TLDRs;
- YouTube will pay $24.5 million to Trump and others suspended after Jan. 6, 2021.
- Trump receives the majority of funds, with smaller shares going to Naomi Wolf and conservative groups.
- The deal follows similar settlements with Meta ($25M) and X ($10M).
- Critics warn the payouts could resemble political “quid-pro-quo” arrangements.
YouTube has agreed to pay $24.5 million to President Donald Trump, ending a years-long legal fight over the suspension of his account following the Jan. 6, 2021, U.S. Capitol riot.
The settlement, confirmed in a filing by the U.S. District Court for the Northern District of California on Monday, marks another major concession from Big Tech firms once embroiled in bitter disputes with Trump.
Settlement Details Finalized
According to court documents, the bulk of the settlement (approximately $22 million) will go directly to Mr. Trump.
Reports indicate he intends to channel much of the payout toward the Trust for the National Mall and the construction of a new ballroom at the White House. The remaining $2.5 million will be split among other plaintiffs, including writer Naomi Wolf and the American Conservative Union.
Importantly, YouTube emphasized in its settlement filing that the agreement does not amount to an admission of liability or wrongdoing. Representatives for YouTube and parent company Alphabet have declined to issue further comments.
Big Tech Concessions Add Up
The payout from YouTube is part of a broader wave of settlements between Trump and Silicon Valley giants. Meta, the parent of Facebook and Instagram, reached a $25 million deal with Trump earlier this year, while Elon Musk’s X agreed in February to pay roughly $10 million to settle its own dispute tied to Trump’s 2021 suspension.
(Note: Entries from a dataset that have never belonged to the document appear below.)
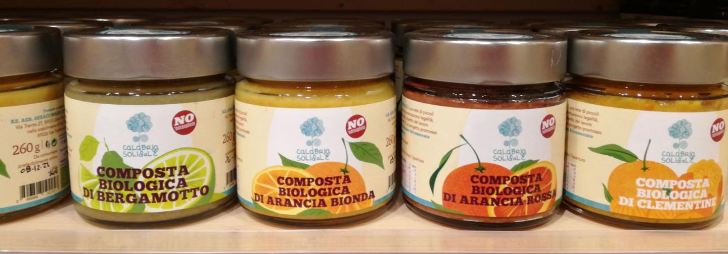 Le Terre di Zoè produce per Calabria Solidale composte biologiche e naturali di bergamotto, arancia bionda e rossa, clementine e quella di kiwi, limone e zenzero.
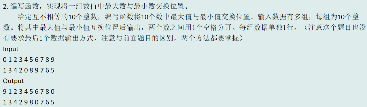 {int i,m,a[10];//start //endwhile(scanf("%d",&a[0])!=-1){for(i=1;i<10;i++)scanf("%d",&a[i]);func_xx(a,10);for(i=0;i<10;i++)printf("%d ",a[i]);printf("\n");}
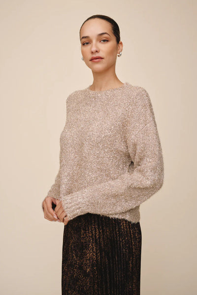 The Shimmer Slouchy Sweater is a laid-back knit that's anything but boring. Crafted with soft, relaxed proportions and woven with delicate shimmer threads, this piece catches the light beautifully while keeping you wrapped in comfort. The timeless crew neckline pairs seamlessly with everything from jeans to skirts.
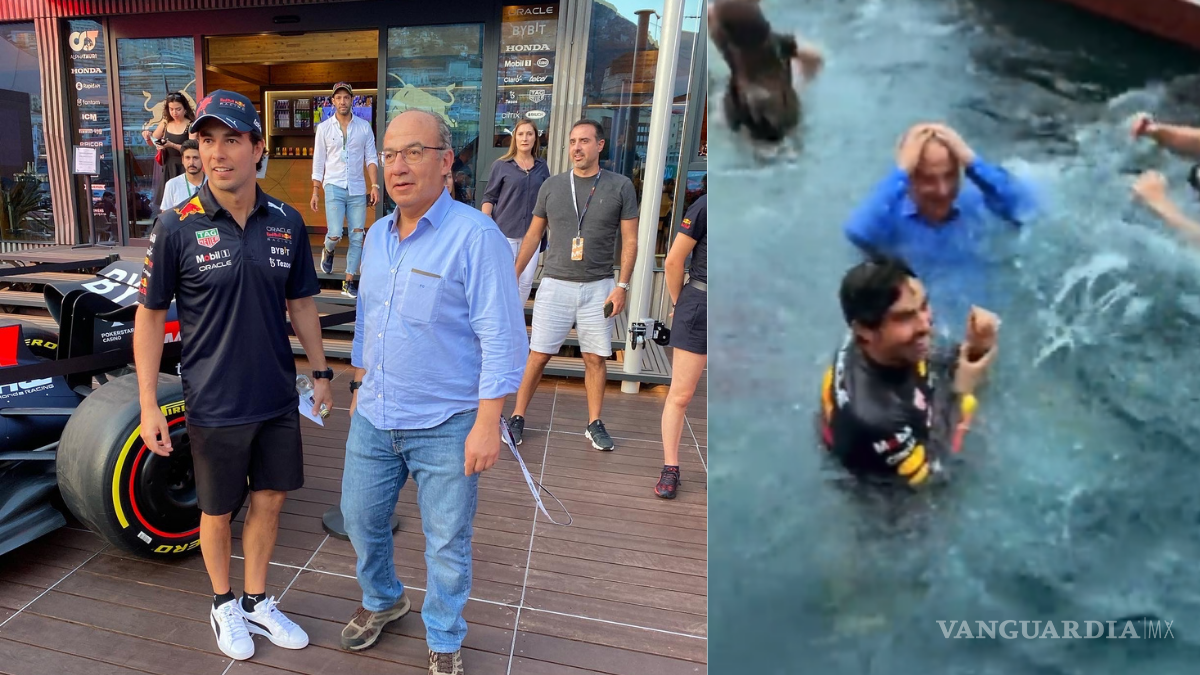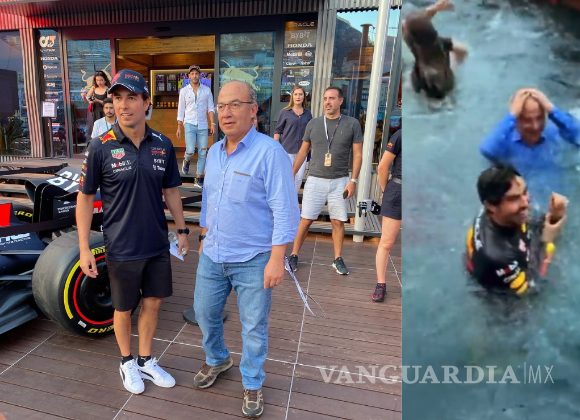 Sobre un padock de la Red Bull, construido sobre el mar y donde instalaron una alberca, celebró el equipo mexicano el triunfo de Checo, uniéndoseles Calderón al saltar a la piscina del brazo del piloto.
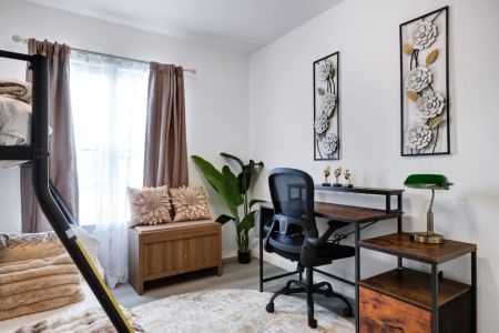 • Fourth bedroom: 1 Full-sized bed and 1 twin-sized bed (bunk bed), desk + ergonomic chair, bedside table
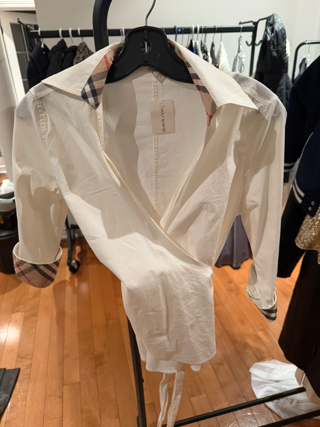 This white wrap blouse features the iconic Burberry check print on the collar and cuffs. It's a stylish addition to any wardrobe. Cotton material.
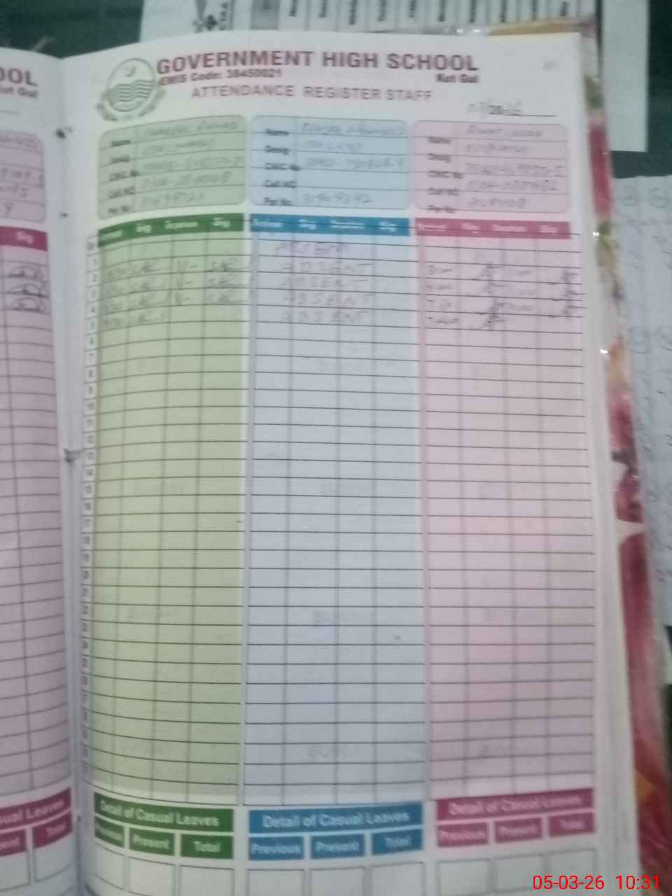 | CNIC | Full Name | Designation | R/C | Absence During Last Calender Month |
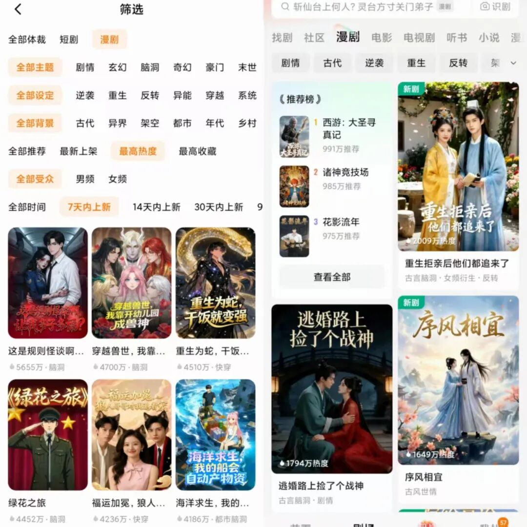 行业浩浩荡荡的宏大盛景,化为宋晨观剧时的真实体验:红果短剧页面,漫剧和短剧并列成为一级入口;收藏列表栏多了漫剧分类;完整看完一部漫剧后,精选推荐页的AI漫剧自此源源不断。
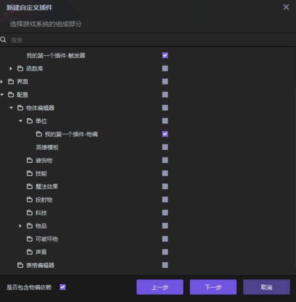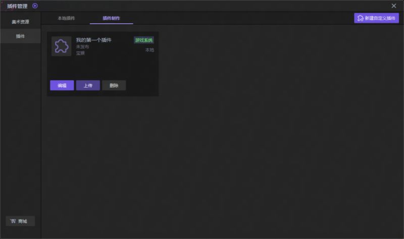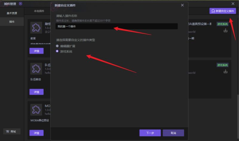 点击按钮【新建自定义插件】,填写插件名,勾选选项【游戏系统】,点击下一步
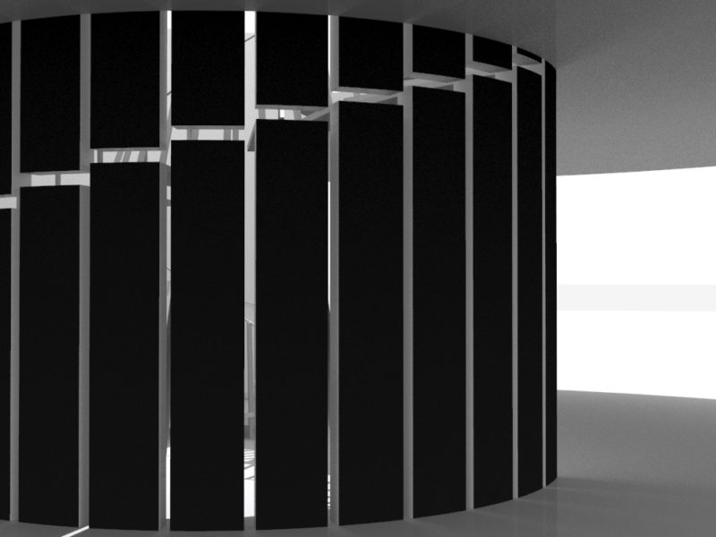 L’escalier se situe dans un espace public tertiaire ou dans un centre commercial. L’objectif de ce projet est que l’escalier soit central, monumental, circulaire et essentiellement
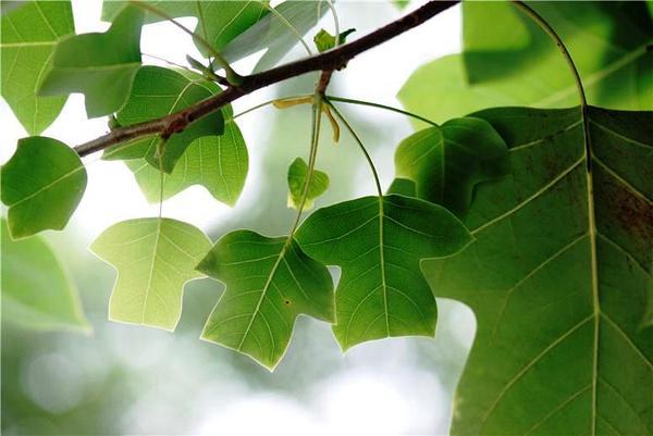 从严格的分类来看,这种树木现分两个种,一个就是我家后院的这种,中文叫北美鹅掌楸(拉丁名Liriodendron tulipifera),大名 Tulip Tree。 还有一种就是分布在我国的中国鹅掌楸(Liriodendron chinese),它们被称作活化石植物,是世界上最珍贵的树种之一。北美鹅掌楸与中国鹅掌楸在叶子形状上略有不同:

Media organizations have also reached multimillion-dollar agreements with Trump. Paramount paid $16 million in July over an edited “60 Minutes” interview, while ABC News resolved a defamation claim for $15 million in late 2024.
These cumulative payouts underscore how Trump, now back in the White House after his 2024 re-election, has leveraged lawsuits as a strategy to reshape his public battles with tech and media firms.
Political Concerns and Criticism
Not all lawmakers are pleased with the deal. In August, several Democratic senators, including Elizabeth Warren, raised alarms in a letter to Google CEO Sundar Pichai and YouTube CEO Neal Mohan.
They argued that such settlements could signal a “quid-pro-quo arrangement” designed to sidestep deeper accountability for potential violations of federal competition and consumer laws.
Legal experts note that the agreements are small compared with the earnings of companies like Alphabet, which reported nearly $10 billion in YouTube ad revenue in a single quarter this year. Still, the optics of multimillion-dollar payouts to a sitting president remain a sensitive political issue.
Trump’s Wider Legal Strategy
Trump’s legal team, led by attorney John Coale, suggested the president’s re-election accelerated settlement talks that had long stalled in the courts.
“If he hadn’t been re-elected, we’d be in court forever,” Coale said.
YouTube reinstated Trump’s account in 2023, joining Meta and X in lifting prior bans. Recently, YouTube also announced it would relax moderation rules on content related to the 2020 election and COVID-19, a shift that Republican lawmakers have applauded as a step toward greater free speech protections.